Without copying any picture, transcribe exactly the lines of the data below from the one containing "- カレンダー掲載の際は、うさぎさんのお名前は掲載致しません。" through the one containing "Men's USA Baseball".

SOURCE INFORMATION:
Segment Open

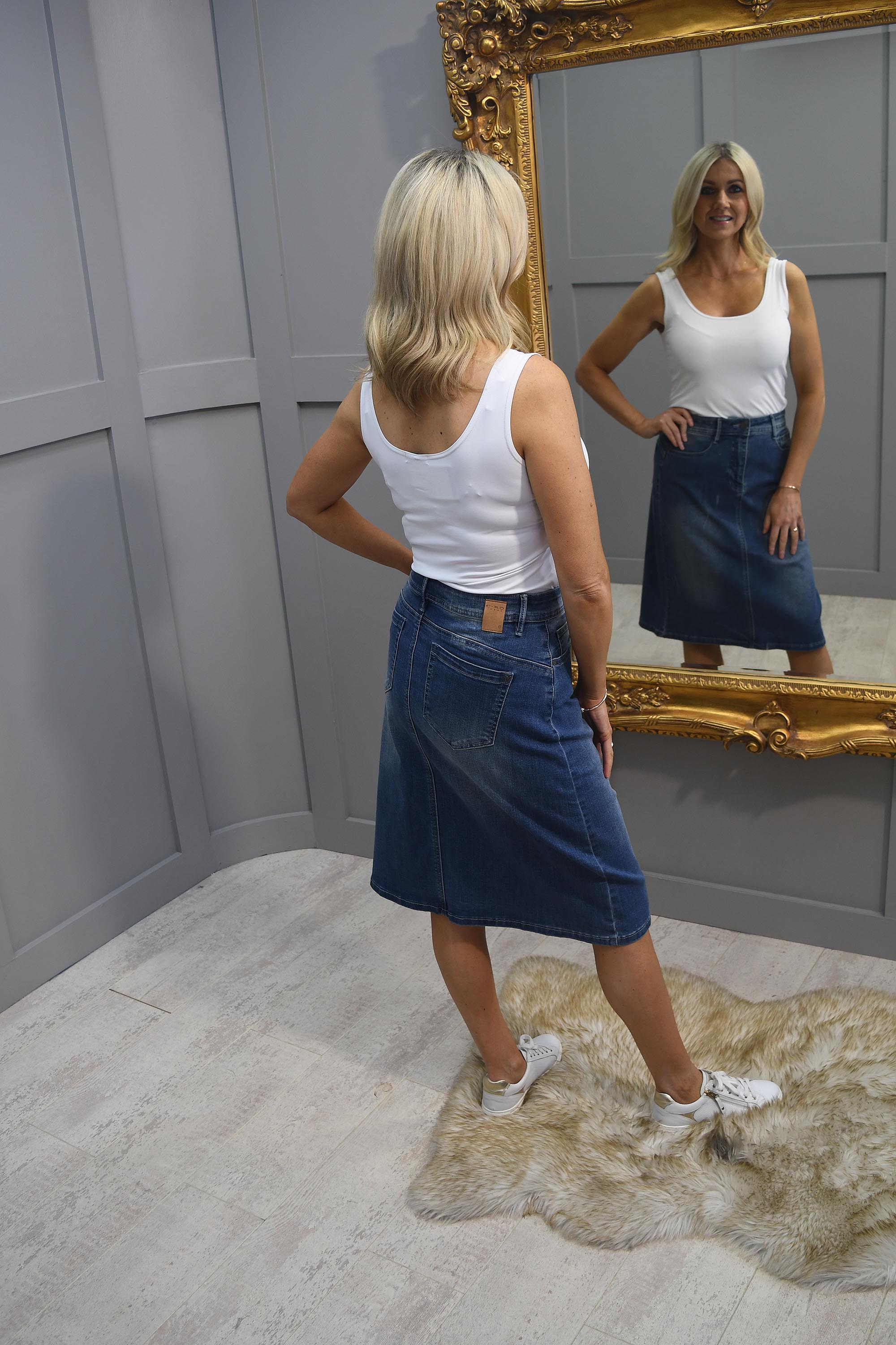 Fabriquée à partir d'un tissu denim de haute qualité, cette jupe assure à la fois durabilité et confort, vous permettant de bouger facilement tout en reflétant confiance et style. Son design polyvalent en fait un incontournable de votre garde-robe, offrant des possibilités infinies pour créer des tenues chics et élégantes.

Segment Closed
Segment Open

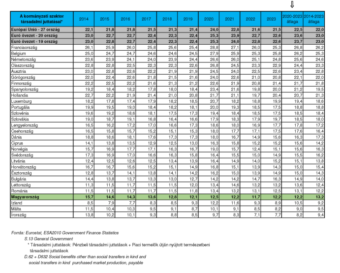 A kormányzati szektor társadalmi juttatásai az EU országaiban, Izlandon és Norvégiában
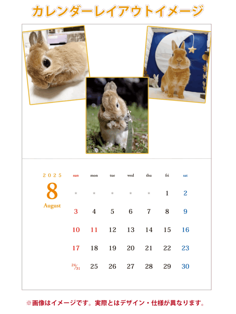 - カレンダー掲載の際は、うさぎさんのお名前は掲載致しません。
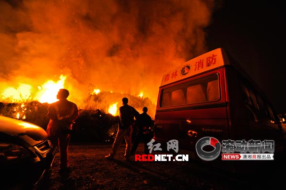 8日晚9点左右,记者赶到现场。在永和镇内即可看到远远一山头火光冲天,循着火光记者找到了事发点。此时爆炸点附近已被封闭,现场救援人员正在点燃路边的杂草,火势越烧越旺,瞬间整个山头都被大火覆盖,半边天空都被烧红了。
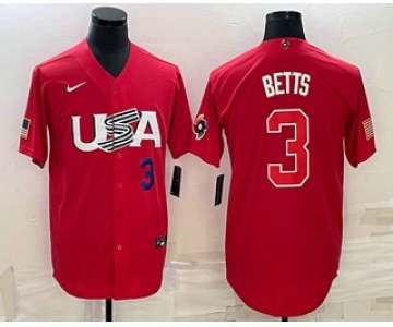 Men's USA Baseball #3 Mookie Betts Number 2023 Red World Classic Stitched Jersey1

Segment Closed

REPLY TO THE EXERCISE:
 - カレンダー掲載の際は、うさぎさんのお名前は掲載致しません。
 8日晚9点左右,记者赶到现场。在永和镇内即可看到远远一山头火光冲天,循着火光记者找到了事发点。此时爆炸点附近已被封闭,现场救援人员正在点燃路边的杂草,火势越烧越旺,瞬间整个山头都被大火覆盖,半边天空都被烧红了。
 Men's USA Baseball #3 Mookie Betts Number 2023 Red World Classic Stitched Jersey1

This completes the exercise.